YOUR OBJECTIVE: While leaving the pictures out, set down only the lines from the one with "Ivory Genuine Pearl" through the end of the records, exactly as they stand.

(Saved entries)

|---|

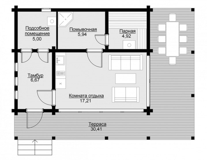تعتبر الساونا مع التراس خيارًا رائعًا لتناول الوجبات الصيفية في الهواء الطلق بعد إجراءات الساونا. يمكن وضع شواية في الموقع أمام الحمام أو يمكن إدخال منطقة الشواء في مساحة الشرفة الأرضية. للقيام بذلك ، يجب زيادة حجم الشرفة لتوفير وصول مجاني إلى الموقد وتجنب الدخان من طاولة الطعام والنوافذ..
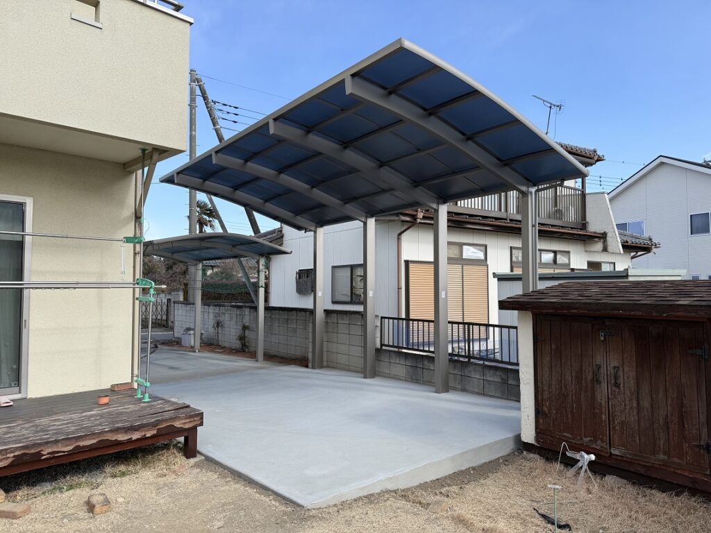 群馬県伊勢崎市S様邸 カーポート・物置施工 群馬県伊勢崎市のS様邸にて、カーポートと物置の施工を行いました。お車を雨や紫外線から守るカーポートに加え、屋外収納として便利な物置を設置することで、毎日の暮らしやすさを高めた外構工事です。土間コン...
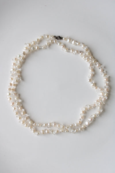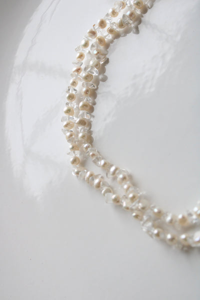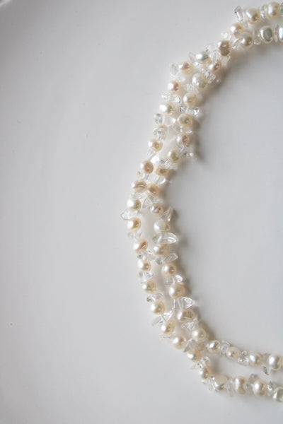 Ivory Genuine Pearl & Clear Glass Beaded Necklace
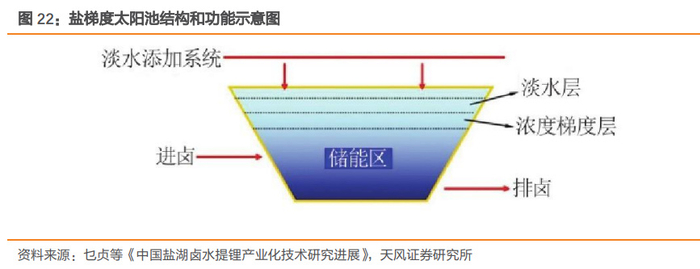 太阳池法利用碳酸锂溶解度呈现负温度效应的特性,通过在盐梯度太阳池中加热高锂成卤 获得碳酸锂。盐梯度太阳池从上到下由 3 层组成。上层为上对流层,主要成分为淡水,其 温度与环境温度接近,对其下盐梯度层起到保护作用;下层为下对流层,主要成分为饱和 盐溶液,具有吸热和储热的功能;中间非对流层的盐浓度随着池深度的增加而不断增加, 利用淡水、卤水折射率的不同,将热能储存于池底卤水中,提高了下对流层的温度。由于 碳酸锂的溶解度随温度升高而降低,而卤水中其他盐类溶解度的变化均与之相反,所以在 下对流层升温后,其他盐类难以析出,而碳酸锂会大量析出,在池底沉淀富集。在冬季, 卤水中锂浓度较高,且由于太阳池出色的储热能力,碳酸锂仍能从卤水中析出,从而能够 实现全年连续生产。
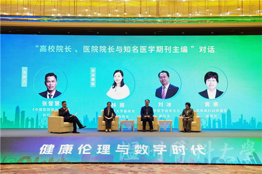 在“高校院长、医院院长与知名医学期刊主编”对话环节,《中国医院院长》杂志执行社长张智慧与温州医科大学副校长兼药学院院长林丽、中华医学会杂志社副社长刘冰、湖南省妇幼保健院副院长黄寒围绕数字健康伦理的多元共建话题进行了深入探讨,分别从技术发展、医疗实践、期刊传播等不同维度展开了剖析。林丽结合高校教学科研工作实际,指出在数字健康研究过程中,要重视数据隐私保护与伦理规范,确保科研成果既具有创新性又能符合伦理要求;刘冰从医学期刊的视角出发,强调在传播数字健康相关研究成果时,要严格审核内容的伦理合规性,引导正确的学术导向;黄寒从医院临床应用层面分享经验,提到在引入数字健康技术时,要充分考量对患者权益的影响,保障医疗服务的安全与公正。

|---|

RESULT OF THE TASK:
 Ivory Genuine Pearl & Clear Glass Beaded Necklace
 太阳池法利用碳酸锂溶解度呈现负温度效应的特性,通过在盐梯度太阳池中加热高锂成卤 获得碳酸锂。盐梯度太阳池从上到下由 3 层组成。上层为上对流层,主要成分为淡水,其 温度与环境温度接近,对其下盐梯度层起到保护作用;下层为下对流层,主要成分为饱和 盐溶液,具有吸热和储热的功能;中间非对流层的盐浓度随着池深度的增加而不断增加, 利用淡水、卤水折射率的不同,将热能储存于池底卤水中,提高了下对流层的温度。由于 碳酸锂的溶解度随温度升高而降低,而卤水中其他盐类溶解度的变化均与之相反,所以在 下对流层升温后,其他盐类难以析出,而碳酸锂会大量析出,在池底沉淀富集。在冬季, 卤水中锂浓度较高,且由于太阳池出色的储热能力,碳酸锂仍能从卤水中析出,从而能够 实现全年连续生产。
 在“高校院长、医院院长与知名医学期刊主编”对话环节,《中国医院院长》杂志执行社长张智慧与温州医科大学副校长兼药学院院长林丽、中华医学会杂志社副社长刘冰、湖南省妇幼保健院副院长黄寒围绕数字健康伦理的多元共建话题进行了深入探讨,分别从技术发展、医疗实践、期刊传播等不同维度展开了剖析。林丽结合高校教学科研工作实际,指出在数字健康研究过程中,要重视数据隐私保护与伦理规范,确保科研成果既具有创新性又能符合伦理要求;刘冰从医学期刊的视角出发,强调在传播数字健康相关研究成果时,要严格审核内容的伦理合规性,引导正确的学术导向;黄寒从医院临床应用层面分享经验,提到在引入数字健康技术时,要充分考量对患者权益的影响,保障医疗服务的安全与公正。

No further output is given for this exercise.